Последний урок – русский, входит Барбос. А выучить задано было стихотворение «Ты знаешь край, где все обильем дышит». Стихотворение чудесное, если б я только вспомнила про него, непременно выучила бы, но это – если бы вспомнила, а я…
Вызывают Зернову. Она, конечно, на совесть ответила, как и полагается первой ученице. Потом Бек. Та хоть не первая, а знала назубок. Потом вдруг – вот тебе и раз! – Старобельскую. У меня душа в пятки ушла, ведь я ни единого раза не читала, только вот сейчас Зернову да Бек прослушала. Нечего делать, подхожу к столу, начинаю:
– «Малороссия», стихотворение Алексея Толстого.

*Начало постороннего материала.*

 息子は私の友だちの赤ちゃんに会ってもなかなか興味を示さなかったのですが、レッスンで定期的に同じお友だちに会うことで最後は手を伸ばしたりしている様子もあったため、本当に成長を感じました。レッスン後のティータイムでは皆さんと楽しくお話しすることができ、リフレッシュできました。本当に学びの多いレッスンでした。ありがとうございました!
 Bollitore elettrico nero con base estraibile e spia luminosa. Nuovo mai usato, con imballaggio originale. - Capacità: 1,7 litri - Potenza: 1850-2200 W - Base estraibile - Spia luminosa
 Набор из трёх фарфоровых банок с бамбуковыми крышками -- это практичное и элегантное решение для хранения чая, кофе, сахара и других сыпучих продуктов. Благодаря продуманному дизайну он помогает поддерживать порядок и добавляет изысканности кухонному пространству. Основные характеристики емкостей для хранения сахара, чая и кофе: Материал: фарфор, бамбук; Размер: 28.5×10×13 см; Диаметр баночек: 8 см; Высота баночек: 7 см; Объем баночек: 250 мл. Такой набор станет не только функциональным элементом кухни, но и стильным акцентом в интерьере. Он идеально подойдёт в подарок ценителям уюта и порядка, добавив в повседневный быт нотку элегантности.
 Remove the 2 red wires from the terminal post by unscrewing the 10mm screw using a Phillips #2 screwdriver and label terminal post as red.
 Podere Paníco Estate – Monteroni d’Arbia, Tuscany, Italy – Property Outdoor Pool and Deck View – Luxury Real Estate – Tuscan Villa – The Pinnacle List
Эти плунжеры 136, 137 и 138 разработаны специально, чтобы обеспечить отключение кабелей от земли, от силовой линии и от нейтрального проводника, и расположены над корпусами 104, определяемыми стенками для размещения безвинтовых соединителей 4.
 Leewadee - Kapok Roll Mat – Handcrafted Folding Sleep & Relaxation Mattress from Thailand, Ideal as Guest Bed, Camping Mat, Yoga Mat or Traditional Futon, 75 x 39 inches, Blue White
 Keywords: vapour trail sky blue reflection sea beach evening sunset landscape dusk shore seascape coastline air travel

И пошла-пошла плести. Стихотворение-то я все до конца сказала, но слов в нем, кажется, больше моих собственных оказалось, чем толстовских. Барбоска меня несколько раз поправляла, а обыкновенно что-что, а уж стихи да басни я всегда с шиком рапортую.

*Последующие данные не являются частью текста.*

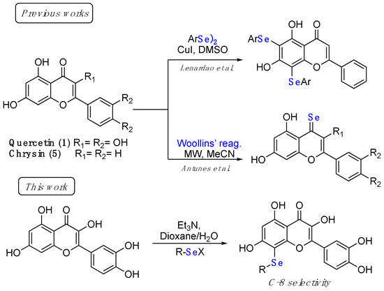 A different seleno-functionalization was proposed by Antunes et al. with the treatment of either quercetin or chrysin derivatives with Woollins’ reagent under microwave irradiation, and the consequent introduction of a selone functionality at the C-4 position. Moreover, in this case the introduction of a selenium atom in the flavonol scaffold resulted in increased radical scavenging and anticancer activities, the latter demonstrated in a panel of different cancer cell lines [20].
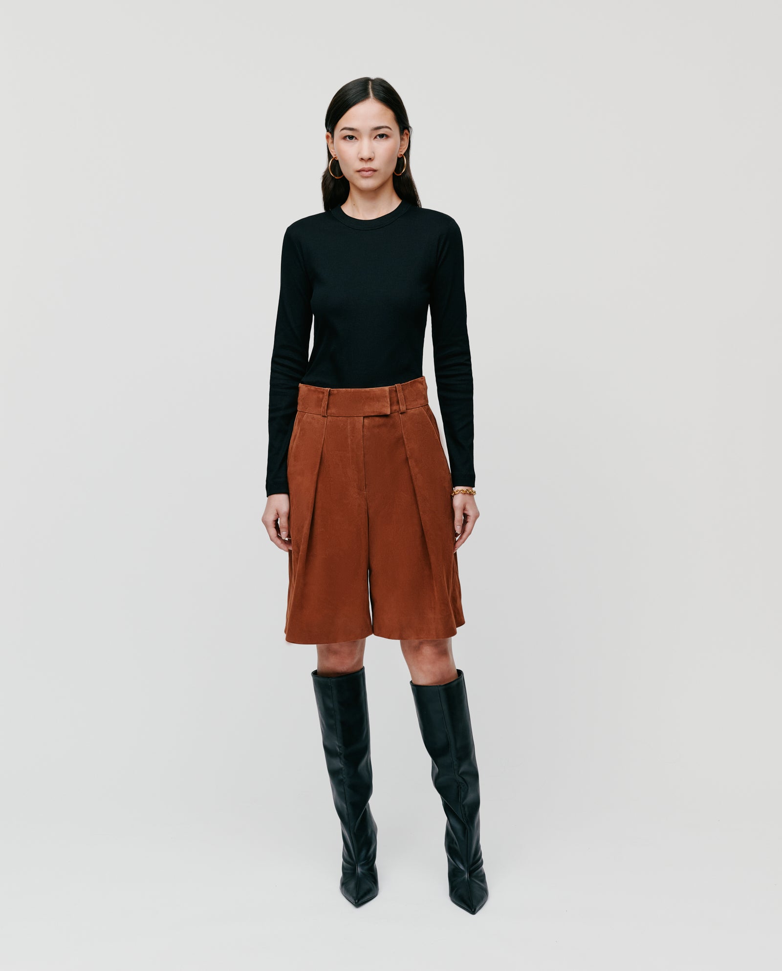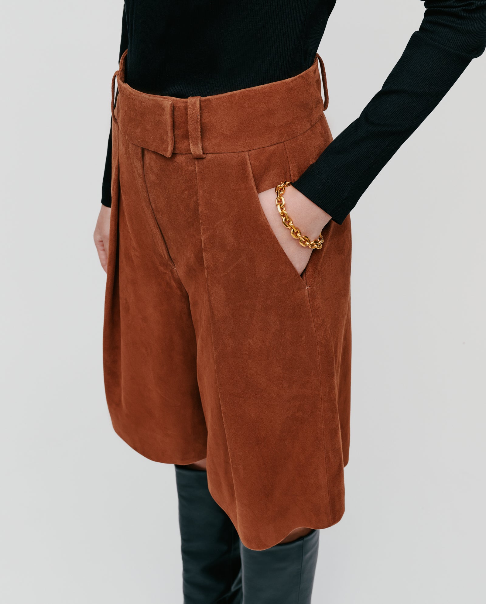 The LEA pants are suede Bermuda shorts with pleat details. They have a clean, classic look combined with the soft feel of leather.
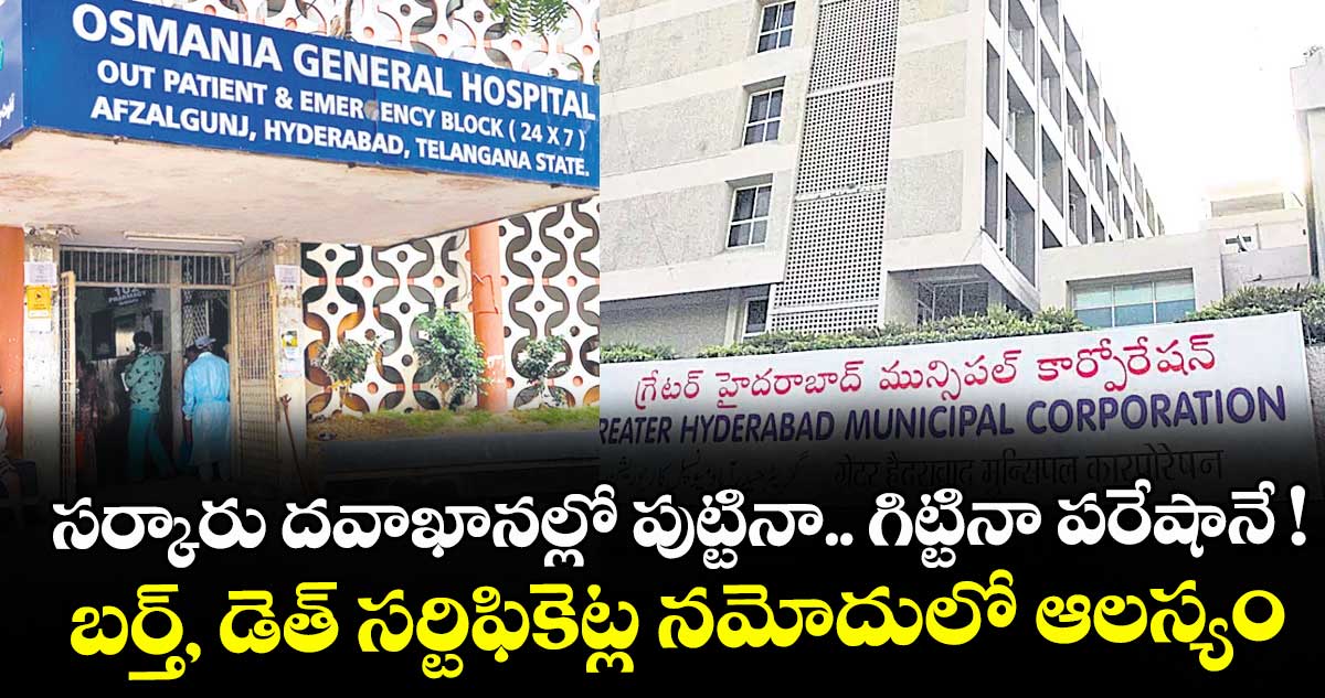 నగరంలోని ఉస్మానియా, గాంధీ, నిలోఫర్, పేట్లబురుజు, కోఠి మెటర్నటీ, ఎంఎన్ జే క్యాన్సర్హాస్పిటల్వంటి ప్రధాన దవాఖానల్లో అధికారులు, సిబ్బంది తీరు వల్ల సమయానికి సర్టిఫికెట్లు అందడం లేదు. ఈ దవాఖానలన్నింటిలో కలిపి రోజూ వందల సంఖ్యలో డెలివరీలు, మరణాలు సంభవిస్తుంటాయి. వీటిని ఎప్పటికప్పుడు అప్డేట్ చేయాల్సిన సిబ్బంది లైట్తీస్కుంటున్నారు.
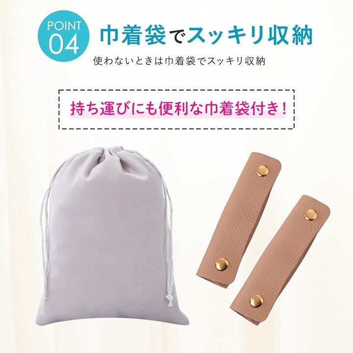 「使わないときは巾着袋でスッキリ収納。 」 文章: このバッグ持ち手カバーにはおまけで巾着袋がついているので、持ち運びや収納にとても便利です。

– Неважно, – говорит. – Что ж это вы так плохо знаете?
Ишь ты! Не учивши, да хорошо знать? Слава Богу, что и так оттарахтела… то есть ответила…
Я молчу, а Барбос опять:
– Отчего же вы не знаете, а?
Вот чудачка!
– Да потому, – говорю, – что я не учила.
– Как не учили? Совсем?
– Совсем, даже не читала.
Барбос глаза вытаращил.
– Красиво, нечего сказать. Понадеялась, что помнит, и не дала себе даже труда повторить. Очень стыдно.
Тут уж я глаза вытаращила:
– Что повторить? Да я никогда в жизни этого не учила.
– Так почему ж вы все-таки знаете?
Как почему? Нет, положительно Барбосина ума решилась и самых простых вещей не понимает. Что ж она, проспала что ли, как Юля с Зерновой старались?
– Да ведь Бек и Зернова сейчас отвечали, ну, я и слышала, оттого и знаю.
– И это вы всегда таким способом уроки учите? – спрашивает учительница.
– Нет, – говорю, – обыкновенно я дома учу, а вчера некогда было.
– Как некогда? А что ж вы делали?
– «Дети Солнцевых» читала.
– Как? И ваша мама позволяет вам читать посторонние книжки прежде, чем вы окончите уроки?
Нет, Барбосина-то того, совсем швах, все что-то неразумное сегодня плетет. Она, кажется, думает, что моя мамуся совсем глупая.
– Конечно, нет, – говорю, – никогда не позволяет, а только вчера запрещать некому было. Мама уехала, а я на одну только минутку взяла книгу посмотреть, да так интересно…
– Что и про уроки забыли? – подсказывает Барбос.
– Да совсем я забыла, так до половины одиннадцатого и просидела.
– Все это прекрасно, – говорит, – а только это нехорошо, больше «восьми» поставить не могу.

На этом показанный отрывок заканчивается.